Ich schreibe über solche Themen, die mich selbst interessieren, mit denen ich selbst schon einmal in Berührung kam und/oder die mich selbst betreffen oder betroffen haben.

 

Die Artikel, die ich hier veröffentliche, haben unterschiedliche Länge und nicht alle sind leicht verdaulich. Manche sind eher sachlich gehalten, andere haben auch eine sehr persönliche Komponente. Ich bemühe mich jedoch immer, alle so aufzubereiten, dass sie auch für Menschen, die sich noch nicht mit dem einzelnen Thema beschäftigt haben, verständlich und interessant sind.

 

Desweiteren findet sich auf meinen Seiten eine Art "Trainingstagebuch". Vorerst werde ich ein solches "Tagebuch" für meinen "Zappelhund" Liz einstellen. Dieses Tagebuch wird auch kleine Videosequenzen enthalten. Ein sachlicher Artikel über hyperaktive Hunde folgt demnächst bei den Blogartikeln.
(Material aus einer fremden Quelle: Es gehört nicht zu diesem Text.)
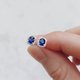 天然藍寶石 (Sapphire),橢圓形切割約 4.7 x 3.6 mm,兩顆共 0.74 ct,深邃皇家藍色。
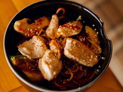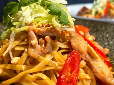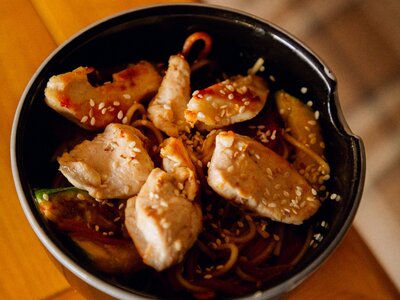 На компаниюParty wok курица в кисло-сладком соусе с лапшой соба1,8 кг
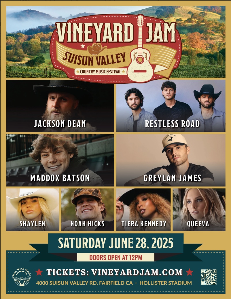 El primer Festival de Música Country de Vineyard Jam se llevará a cabo este junio en Fairfield con el cabeza de cartel Jackson Dean.
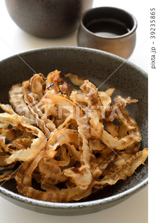 ほたて貝ひも。日本酒のおつまみイメージ。
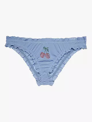 This shade of periwinkle is between the colors of blue and violet. These playful and sensual panties are chiffon frill hipster with a full back. They have a crystal diamante cherry detail on the front.
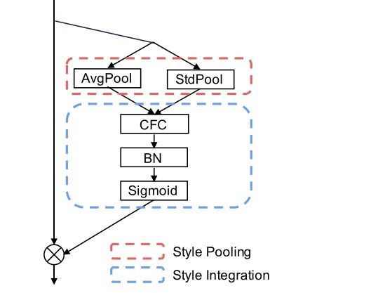 The resultant $t_{nc} \in \mathbb{R}^{2}$, denoted as the style vector, serves as the summarization of the style information for each image in batch $n$ and channel $c$. The $\mu_{nc}$ is popularly referred to as Global Average Pooling (GAP) and is also used as the preferred form of compression in other standard attention mechanisms, like Squeeze-and-Excitation (SENets) and Convolutional Block Attention Module (CBAM). The authors do investigate other forms of style pooling, like computing the max pooling which is used along with average pooling in CBAM, in the appendix (this is discussed later in the results section of this article). In the context of style disentanglement, often the correlation between the channels are computed, however, the focus of the authors in this case was to focus on the channel-wise statistics for efficiency and conceptual clarity since computing the channel correlation matrix has a $C \ast C$ computational budget requirement.
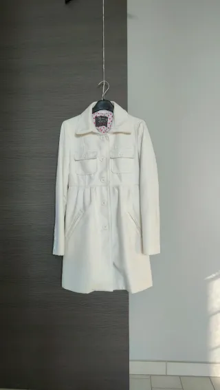 Elegante cappotto Zara color panna, perfetto per ogni occasione. - Taglia S (corrisponde a 36/38 EU). Cappotto Zara, come nuovo. Misure: giro ascelle 106, spalle 58, giro vita 110, manica 48/58, lunghezza 112.
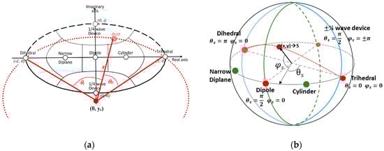 Cameron et al. in [22] investigated the characteristics of conservative symmetric scattering mechanisms, emphasizing the preference for a closed surface over a complex disk. The proposed optimal configuration involves a symmetric space represented by the unit sphere, achieved by linking conjugate pairs along the rim of the unit disk. This conceptualization was thoroughly illustrated through a mapping procedure outlined in [22], with its visual depiction showcased in Figure 6a,b. To elaborate, in this novel topology, they established a direct association between each point (x,y) within the unit disk and a circular arc, denoted as a a(x,y) on the unit sphere that encompasses the points (−1,0), (x,y) and (1,0). Notably, for points (x,y) not situated on the rim of the disk, the arc length is less than π. In such instances, the arc is “stretched” to attain a length equal to π, becoming part of a great circle. The mapping is visually clarified by associating each point (x, y) with a semi-circle, strategically positioned tangent to the sphere’s surface. The initial position (x,y) on the unit disk determines the latitude and longitude of the corresponding point on the unit sphere, with the spherical coordinates and given by:

Zu einem späteren Zeitpunkt werden vielleicht entsprechende Tagebücher zu den Themen "Seniorenhund" und "unsicherer Hund" folgen.

 

Ein Blogbereich beschäftigt sich mit meiner "kreativen Seite". Mauern, schreinern, gärtnern, aber auch häkeln, stricken, zeichnen, nähen und einige andere Dinge aus diesem Bereich sind ein Teilaspekt meines Lebens, wobei es sich auch hier meist um die Hunde dreht. So nähte ich früher Halsbänder anstatt beispielsweise Kleidung oder schreinerte kleine "Napfbars", bevor ich mich an größere Dinge wagte. Auch der damalige Kauf meiner alten"casa rotta", ein jahrhunderte altes ehemaliges Wach-und Gesindehäuschen kaufte ich unter anderem, weil die Hunde Platz haben und nach dem Brand sanierte ich es "hundegerecht". Mit der Sanierung bin ich soweit fertig, es fehlen nur noch "Kleinigkeiten" wie neue Türen oder ein neuer Fassadenputz. Auch hier gebe ich einige Tipps und Erfahrungswerte weiter wie zB zum Bau eines hundesicheren Gartenzaunes.

 

Viel Input und viel Freude beim Lesen.